Monnet, Jean: The first meeting of the High Authority of the Coal and Steel Community
Speech at the inauguration of the High Authority. Luxembourg, August 10th, 1952.
The first meeting of the High Authority of the Coal and Steel Community is now open.
At this moment, which marks the accomplishment of an undertaking tenaciously carried out for over two years, I must first pay homage to the statesmen of our six countries whose farsightedness and determination made it possible. I want also to extend the thanks which they merit to all of those who have contributed to the preparation of the Treaty which is our charter.
Especially, at the moment when the establishment of the Community turns what the world rightly calls the “Schuman Plan” into a living reality, let me recall the gratitude which Europe will always cherish towards President Robert Schuman who, by launching the appeal of May 9, 1950, took the initiative and the responsibility of setting our Continent on the road to unity.
In proceeding with the installation of the High Authority of the Coal and Steel Community we are performing a solemn act. We are taking charge of the responsibility which has been entrusted to us by our six countries.
Each of us has been appointed, not by one of our Governments, but by the common consent of the six Governments. Thus we are all of us the common representatives of our six countries: Germany, Belgium, France, Italy, Luxembourg, and the Netherlands.

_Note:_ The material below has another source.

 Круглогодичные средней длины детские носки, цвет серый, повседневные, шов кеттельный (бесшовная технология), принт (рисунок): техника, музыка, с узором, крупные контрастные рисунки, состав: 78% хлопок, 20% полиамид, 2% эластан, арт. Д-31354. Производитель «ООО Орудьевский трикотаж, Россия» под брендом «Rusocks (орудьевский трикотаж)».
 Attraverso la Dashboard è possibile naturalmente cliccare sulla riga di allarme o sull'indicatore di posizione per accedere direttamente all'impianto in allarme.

One important sign of hope I wish particularly to emphasize: we are here together, French and Germans, members of the same Community; vital interests of Germany and France are under the control of an Authority which is no longer either German or French, but European.

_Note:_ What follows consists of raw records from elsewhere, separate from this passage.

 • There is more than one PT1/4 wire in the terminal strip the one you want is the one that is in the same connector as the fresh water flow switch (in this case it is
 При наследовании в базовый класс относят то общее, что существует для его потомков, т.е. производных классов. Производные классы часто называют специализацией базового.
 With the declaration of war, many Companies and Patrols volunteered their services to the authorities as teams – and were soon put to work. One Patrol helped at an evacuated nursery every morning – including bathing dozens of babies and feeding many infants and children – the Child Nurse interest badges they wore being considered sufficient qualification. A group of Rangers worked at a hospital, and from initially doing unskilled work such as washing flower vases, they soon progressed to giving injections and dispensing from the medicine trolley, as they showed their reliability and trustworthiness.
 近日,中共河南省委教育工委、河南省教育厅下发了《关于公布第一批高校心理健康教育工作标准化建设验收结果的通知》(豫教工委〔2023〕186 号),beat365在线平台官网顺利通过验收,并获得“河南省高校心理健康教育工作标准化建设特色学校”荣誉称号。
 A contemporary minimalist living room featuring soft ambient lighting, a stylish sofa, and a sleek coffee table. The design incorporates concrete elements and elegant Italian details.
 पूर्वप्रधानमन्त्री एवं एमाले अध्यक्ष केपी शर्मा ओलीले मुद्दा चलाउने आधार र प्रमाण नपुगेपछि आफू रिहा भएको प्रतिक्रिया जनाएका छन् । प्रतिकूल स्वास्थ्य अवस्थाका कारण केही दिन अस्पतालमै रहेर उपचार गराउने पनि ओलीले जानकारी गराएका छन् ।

In the names of all of you, I publicly repeat the pledge which each of us took when we accepted our appointment:
We will perform our duties with complete independence in the general interest of the Community.
In the performance of our duties, we will neither request nor accept instructions from any Government or organization and we will abstain from any action incompatible with the supranational character of our functions.
We take note of the pledge of the member States to respect this supra-national character and not to seek to influence us in the performance of our duties.
For the first time, the traditional relations between States are now transformed. Under the methods of the past, even when European States are convinced of the need for common action, even when they set up an international organization, they retain their complete sovereignty. Thus the international organization can neither make decisions nor carry them out, but can only make recommendations to the States. These methods cannot eliminate our national antagonisms; as long as national sovereignty is not surmounted, such antagonisms can only be aggravated.